[0057] Process flow of the present invention such as figure 1 As shown, the main part is the feature extraction using the sensitive behavior analysis method. What needs to be done is to obtain the data that can be used by the support vector machine algorithm by analyzing the installation file APK of the Android application. For Android applications with known security, its features are obtained through analysis and organized as a training data set; for Android applications with unknown security, features other than security can be obtained through feature analysis, and these features are combined with data training As a result, its safety is predicted.
[0058] Step 1: The APK file cannot be analyzed directly, and Manifest.xml, class.dex, and layout.xml files related to the layout need to be obtained after decompression. These files cannot be directly used as the input for the next step of analysis. We need to use the tool dex2jar (http://sourceforge.net/projects/dex2jar/) to decompile class.dex into a jar package to obtain the Java code of the Android application; at the same time, we need Use the tool apktooI (http://ibotpeaches.github.io/Apktool/) to decode the XML file to obtain a readable XML file.

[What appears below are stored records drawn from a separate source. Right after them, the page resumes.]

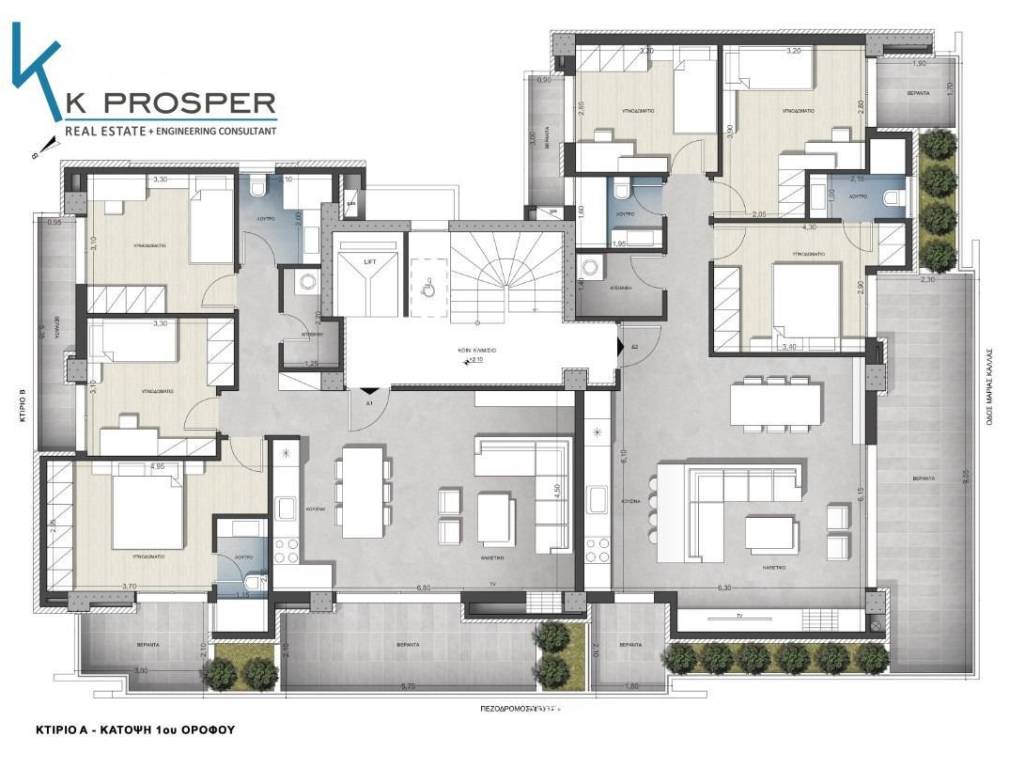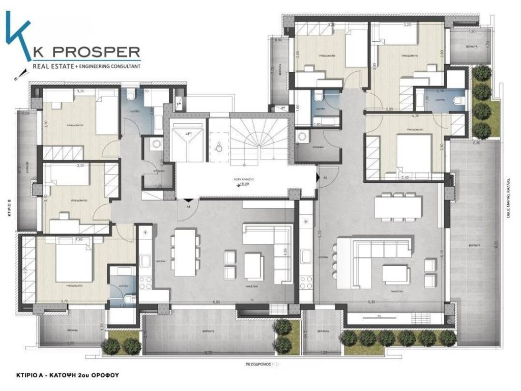 Πωλούνται πολυτελή νεόδμητα διαμερίσματα 1ου και 2ου ορόφου οικοδομής, με μία θέση στάθμευσης το καθένα σε πυλωτή και αποθήκη στο ισόγειο, στην περιοχή της επέκτασης του οικισμού της Θέρμης, επιφάνειας 120τ.μ., 290.000€ Τα εν λόγω διαμερίσματα αποτελούνται από τρία υπνοδωμάτια, το ένα από τα οποία περιέχει και δικό του λουτρό, έναν ενιαίο μεγάλο χώρο σαλοτραπεζαρίας – κουζίνας με την είσοδο της κατοικίας, ένα επιπλέον λουτρό, έναν χώρο αποθήκης εντός του διαμερίσματος με όλες τις υποδομές για την τοποθέτηση του πλυντηρίου στο χώρο αυτό, καθώς και έναν διάδρομο. Όλες οι κατοικίες διαθέτουν μία μεγάλη άνετη βεράντα στην όψη του κτιρίου προς τον πεζόδρομο ή προς την δημοτική οδό, καθώς και ξεχωριστούς εξώστες από τα υπνοδωμάτια προς τις πλαϊνές όψεις της οικοδομής. Η οικοδομή διαθέτει ανελκυστήρα, καθώς και ισόγειες αποθήκες για το κάθε διαμέρισμα χωριστά. Η κατασκευή τους, καθώς και όλων των χώρων της οικοδομής θα ολοκληρωθεί στο τέλος του 2026. Η κατοικίες θα διαθέτουν: • αυτόνομη ενδοδαπέδια θέρμανση με ατομικό λέβητα φυσικού αερίου, • θερμοπρόσοψη σε όλες τις πλευρές του κτιρίου, • ντουλάπες σε όλα υπνοδωμάτια, • μεγάλα κουφώματα αλουμινίου διπλής υάλωσης της ALOUMIL, • θύρα εισόδου ασφαλείας, • θυροτηλεόραση, • σύστημα συναγερμού, • επώνυμα είδη υγιεινής, • δορυφορική κεραία, • εγκατάσταση κλιματισμού. Τα διαμερίσματα εντάσσονται σε ένα συγκρότημα σύγχρονων κατοικιών, με ενεργειακά χαρακτηριστικά, χαμηλό οικολογικό αποτύπωμα, σε εξαιρετική τοποθεσία και με έμφαση στο περιβάλλον. Σε κτίριο κατασκευασμένο από ανθρώπους με εμπειρία και γνώση των απαιτήσεων των σύγχρονων και άρτιων κτιρίων με υψηλή ποιότητα και τεχνολογικές προδιαγραφές. Κατάλληλα για κατοικία αλλά και για επενδυτικά. Αρίθμηση διαμερισμάτων: ΚΤΙΡΙΟ Α: 1ος ΟΡΟΦΟΣ – Δ1 & Δ2, 2ος ΟΡΟΦΟΣ – Δ1 & Δ2 ΚΤΙΡΙΟ Β: 1ος ΟΡΟΦΟΣ – Δ2, 2ος ΟΡΟΦΟΣ – Δ2 Κωδικός ακινήτου: ΠΚ66Β Κων/νος Κατσαρός: 6974755096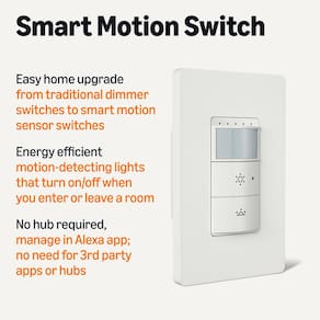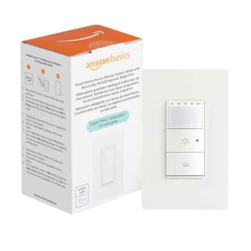 Amazon Basics Interruptor com sensor de movimento inteligente, polo único, funciona apenas com Alexa, Wi-Fi de 2,4 GHz, sem necessidade de hub, 1 pacote, branco - Atualização inteligente: funciona com Alexa para adicionar controle de voz à sua casa; atualize dos interruptores tradicionais de dimmer de polo único para interruptores de movimento inteligentes com recursos de escurecimento - Detecção de movimento: acende automaticamente a luz quando o movimento é detectado e desliga após um tempo predefinido criando rotinas no aplicativo Alexa - Controle de qualquer lugar: controle e ajuste as configurações de movimento de qualquer lugar usando o aplicativo Alexa - Compatibilidade: requer fios neutros e Wi-Fi de 2,4 GHz - Não é necessário nenhum aplicativo ou hub de terceiros: configure e gerencie dispositivos conectados diretamente no aplicativo Alexa; não há necessidade de hubs inteligentes adicionais ou aplicativos de terceiros; compatível apenas com Alexa - INSTALAÇÃO GUIADA: Siga as orientações passo a passo no manual do usuário para configurar seu interruptor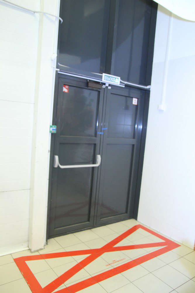 На удивление все эвакуационные выходы открыты, но даже непрофессиональным взглядом видно, что на всех дверях установлены магнитные замки, которые кто-то открыл только сейчас. Как признаются посетители, в обычные дни эти выходы закрыты.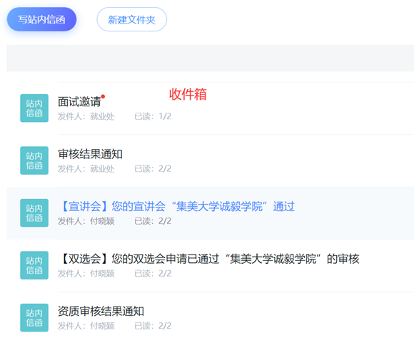 收件箱:在收件箱模块,用人单位可以收到学校的通知,例如用人单位报名参加双选会、宣讲会的审核通知或企业资质申请的通知。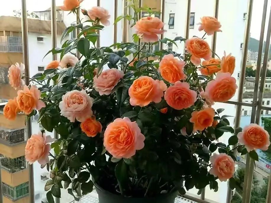 “果汁阳台”喜强阳,日常养护要将盆栽搬到室内光线最好的南阳台,多晒太阳有利于月季生长,多多开花。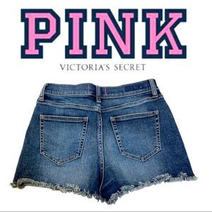 PINK Victoria's Secret High-Waist Denim Distressed Raw Hem Shorts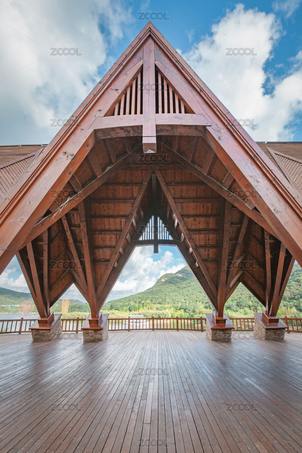 中国辽宁大连西山棠梨湖公园亭子里看山水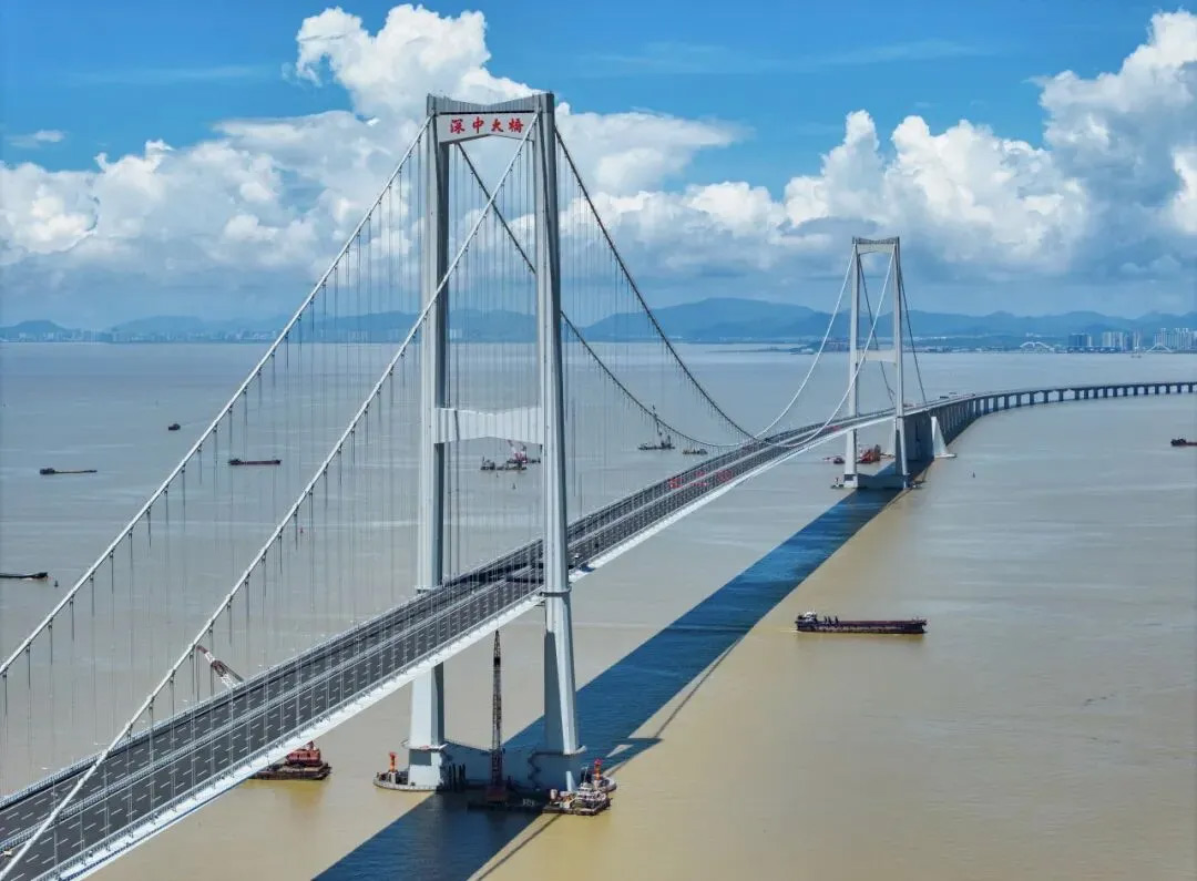 目前, 该技术成果已深度赋能 深中大桥、常泰长江大桥等 世界十大悬索桥、斜拉桥建设, 重塑中国桥梁建造 “工业化、智能化”新范式, 筑牢我国超大跨缆索桥梁 高质量建设技术根基。

[0059] Step 2: After obtaining the code of the Android application, use the WALA tool (http://sourceforge.net/projects/wala/) to obtain the control flow graph CFG and the function call relationship graph, and further extract the sensitive API, sensitive data and related information the behavior of. Since we mainly focus on which sensitive APIs in Android applications operate on which sensitive data, we define the following predicates to find sensitive APIs and sensitive data in the code, expressed in the Datalog language.
[0060] Whether there is a sensitive API, hasSenAPI(F, SenAPI, L): there is a function F at line L of the program, and a sensitive API—(SenAPI) is called in F.
[0061] Whether there is sensitive data, hasSenData(L, SenData): the sensitive data SenData is operated on line L of the program.
[0062] After finding the sensitive API in the code, we need to know how the two are passed in the application and what function will trigger the sensitive API to operate on the sensitive data. Therefore, the following predicates are defined to indicate the call relationship between functions.
[0063] Direct function call relationship, directInvoke(F*, F', L): at line L of the program, function F* directly calls function F'.
[0064] Indirect function call relationship, indirectInvoke(F*, F'): In an event-driven environment, function F' is the ultimate goal of F*.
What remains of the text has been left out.